A newly empty nest…

A job furloughed that may or may not open back up…

A dance studio where your favorite teacher left…

A church you no longer feel connected to…

A curriculum that doesn’t click with the kids…

Something that used to be your passion but now makes your eyelid twitch…

Seasons are a part of life. But sometimes knowing it’s the end of a season is the easy part.
The harder thing is trying to figure out what’s next, and to walk into it without fear or guilt. (in my life, guilt is the much bigger struggle)

In nature, season changes are usually gradual. (Unless it’s 2006 in Buffalo, when the Columbus Day storm graced us with 22 inches of snow that paralyzed the city and ended up causing our car to get totaled.) In Florida, we know that lovebugs are a sign that the temperatures are going to start shifting, and the rainy days are either coming in or going out (depending on if it’s May or September). In Buffalo, the beautiful fall foliage reminded us to get outside as much as we could before we started hibernating.

I wonder if we have similar hints in our lives, but we haven’t gotten as good at figuring them out.
For example…
Last spring I was feeling incredibly burned out.
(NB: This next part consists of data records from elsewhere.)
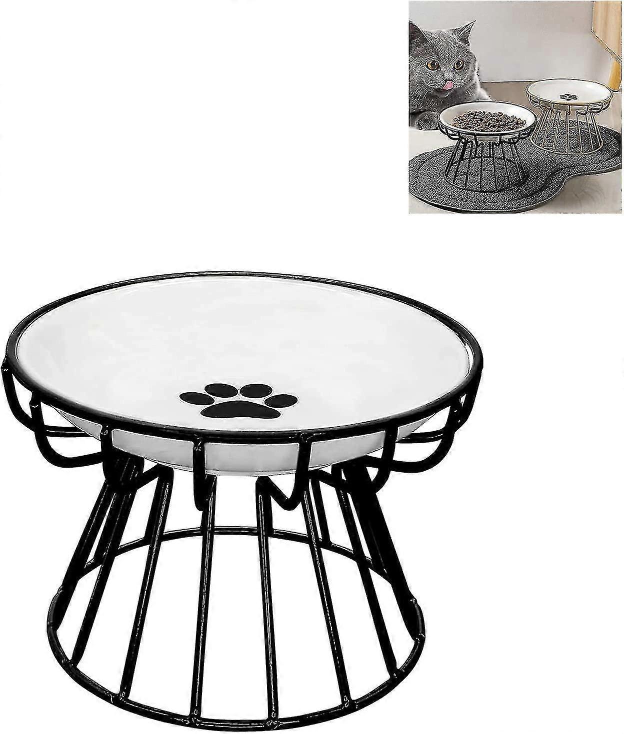 Whisker-friendly Anti-vomit Cat Plate,elevated Bowl-raised Ceramic Cat Bowl With Metal Stand, Food & Water Anti Vomiting Shallow Ceramic Cat Dish
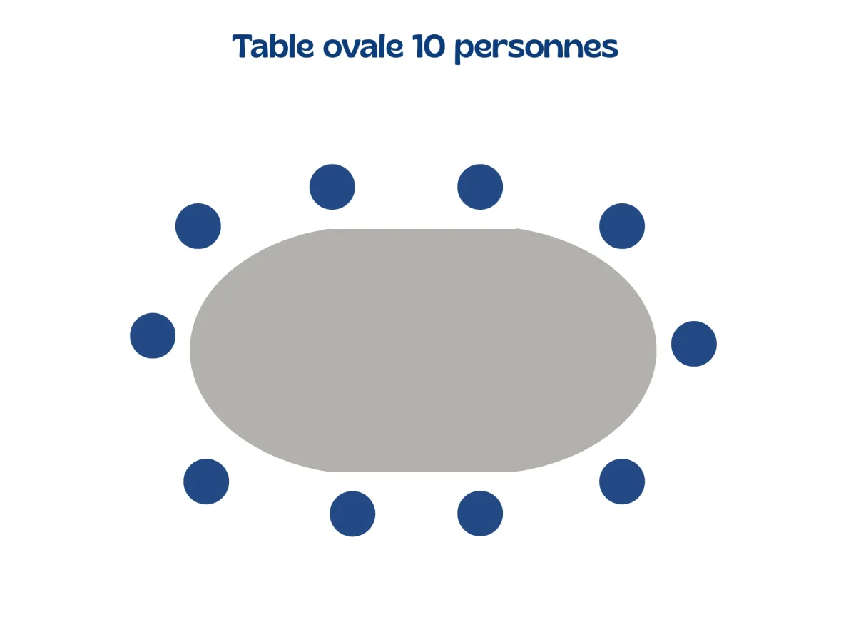 Sa forme ovale favorise une circulation fluide et une ambiance conviviale où chacun trouve sa place.
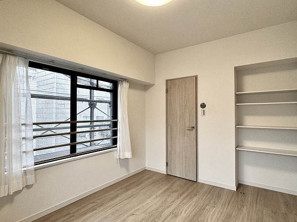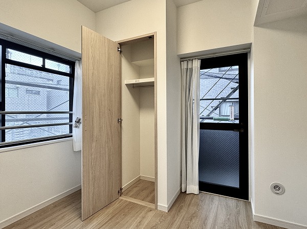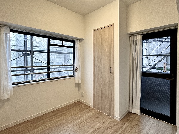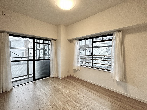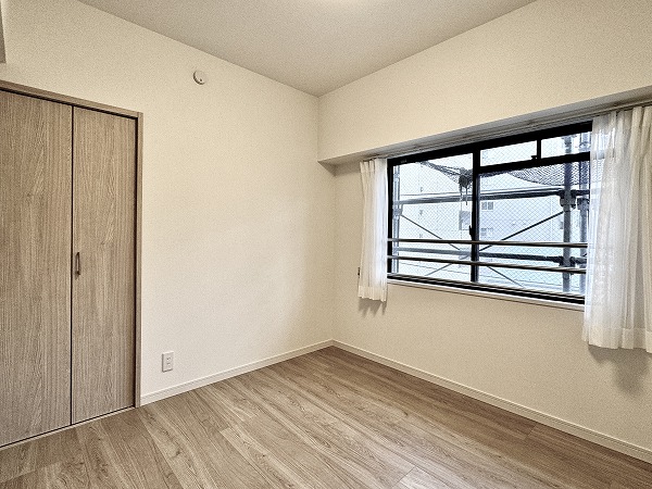 各洋室には窓と収納がしっかりと設置されており、暮らしやすさが感じられます。約6.1帖の広めのお部屋は角住居の特性を活かした2面採光で、自然光がふんだんに差し込み、明るく開放的な空間です☀
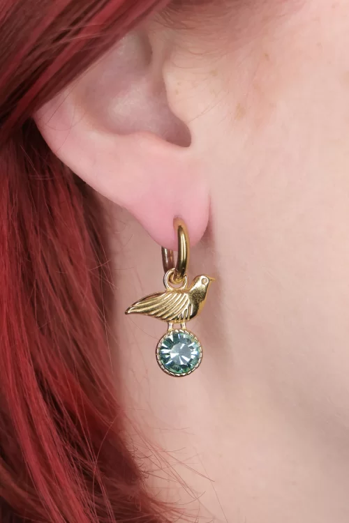 Nieuwe collectie ~ “Let your style take flight.” Deze schattige oorbellen laten je hart meteen een beetje fladderen! De hangertjes met een lief vogeltje zijn gemaakt van 18k verguld roestvrij staal en worden speels aangevuld met een facetgeslepen rhinestone in een groenblauwe tint die prachtig het licht vangt.
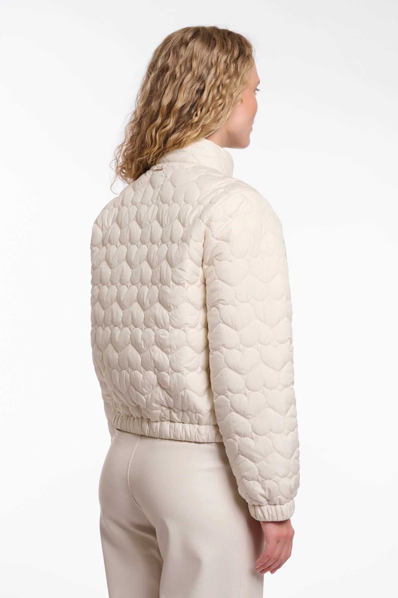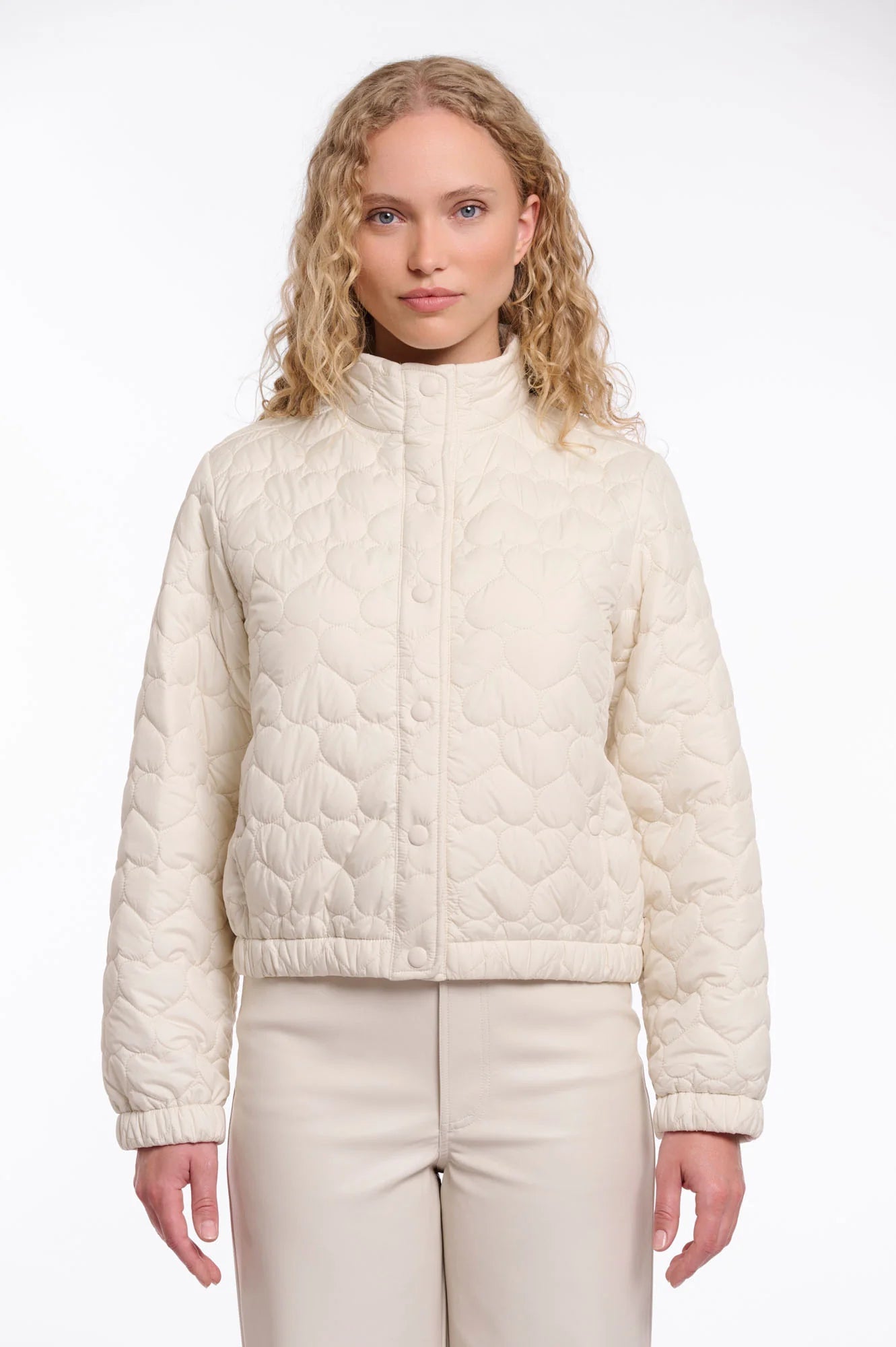 Wrap yourself in understated elegance with this lightly padded jacket, designed in a refined silhouette with delicate quilted detailing. The smooth finish and heart-shaped stitching add a subtle feminine touch, while the elasticated hem and cuffs keep the wind out for extra comfort. Finished with a sleek button closure, it’s the perfect layer to elevate your everyday look.

The dance studio where I ran the front desk was stressful (it was time to measure all the kids and start ordering costumes), the kids needed more from me with school, and my health was suffering. I was counting down the hours until spring break started.
Little did I know that Spring Break would last forever….

As the weeks dragged on living at home, I knew very clearly that the fall was going to look very different for our family. I knew my job at the front desk was over, my son realized he was only dancing because his sisters were, and my eldest daughter started getting more interested in drawing and acting than in dance.
And my middle daughter started taking private ballet classes through Zoom and found her passion…
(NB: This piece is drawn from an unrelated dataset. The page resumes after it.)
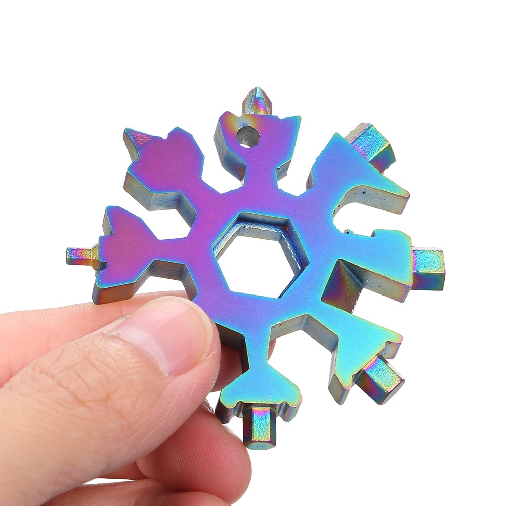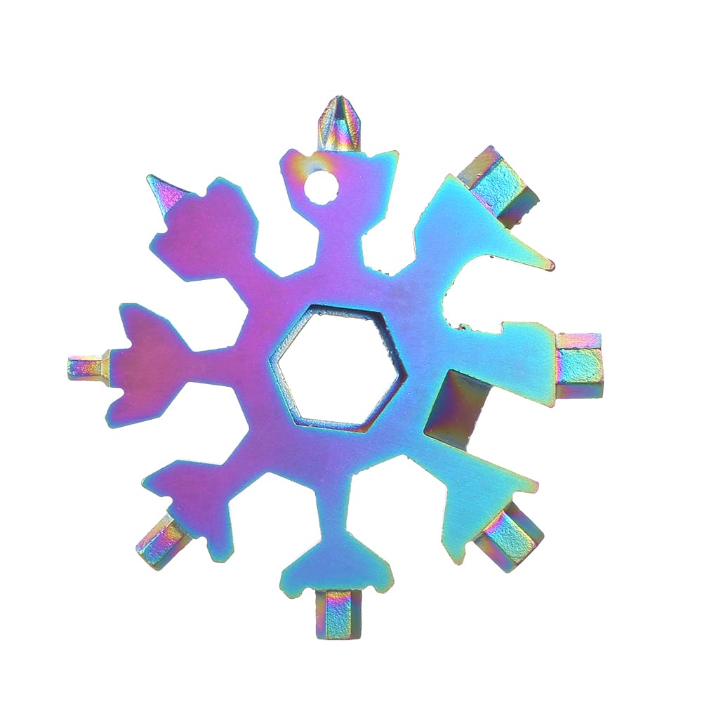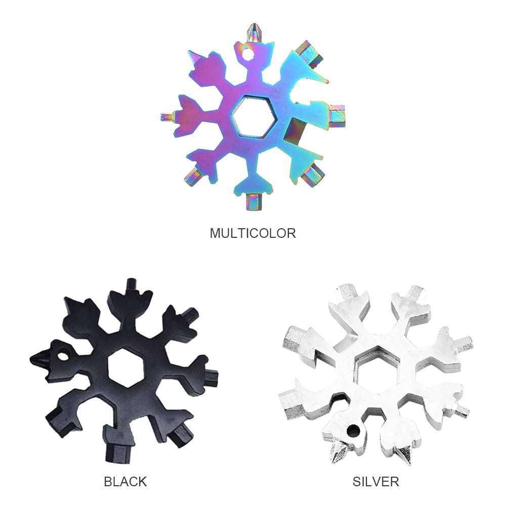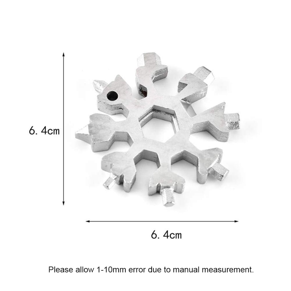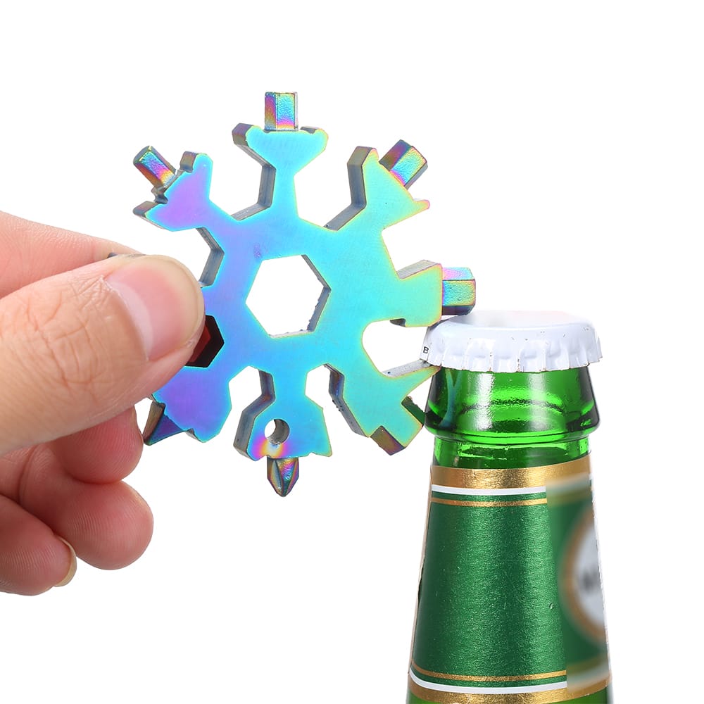 Multi-functional snowflake shaped screwdriver features in incredible multiple tools is a perfect keychain screwdriver bottle opener and inside wrench and necessary for outdoor camping home life.Features:Made from 420 stainless steel exquisite workmanship and long-lasting.Perfect to attach to keychains or backpacks.Unique snowflake design and compact size easy to carry.Suitable for any indoor and outdoor occasions.Stainless multi-tool is an ideal gift for your family or friends.Can be used to open bottles turn screws repair snowboards and bicycles.Specifications:Material: stainless steelShape: snowflakeColor: black; silver; multicolor (optional)Application: inside wrench screwdriver bottle opener keychain and so on.Item Weight: 69g / 2.43ounceItem Size: 64 * 64 * 8mm / 2.52 * 2.52 * 0.31inPackage Weight: 79g / 2.79ouncePackage Size:65 * 65 * 10mm / 2.56 * 2.56 * 0.39inPackage List:1 * Snowflake Tool1 * Key Ring

I wish I had solid advice on this. I wish this wasn’t what I was still working on in my own world.
But the best I can suggest is this:
keep taking one day at a time. Spend time figuring out what direction you should be facing right now, and do that. Don’t try to figure out the ultimate destination. It just causes a ridiculous amount of stress.
I talked in my last post about how I knew my time as a photographer was behind me. I still haven’t figured out what my next venture is. For now, it’s focusing on the kids and making sure they’re getting the time and energy they need to for school and life. At some point I may find a new business idea or passion I want to run with, but today, right now, my job is to be there to help my kids with their math, to finish last year’s history curriculum, and to teach them their musical intervals.

 

Do you have more solid advice than I do? Does this resonate, either with life right now or in the past?

I’d love to hear your thoughts!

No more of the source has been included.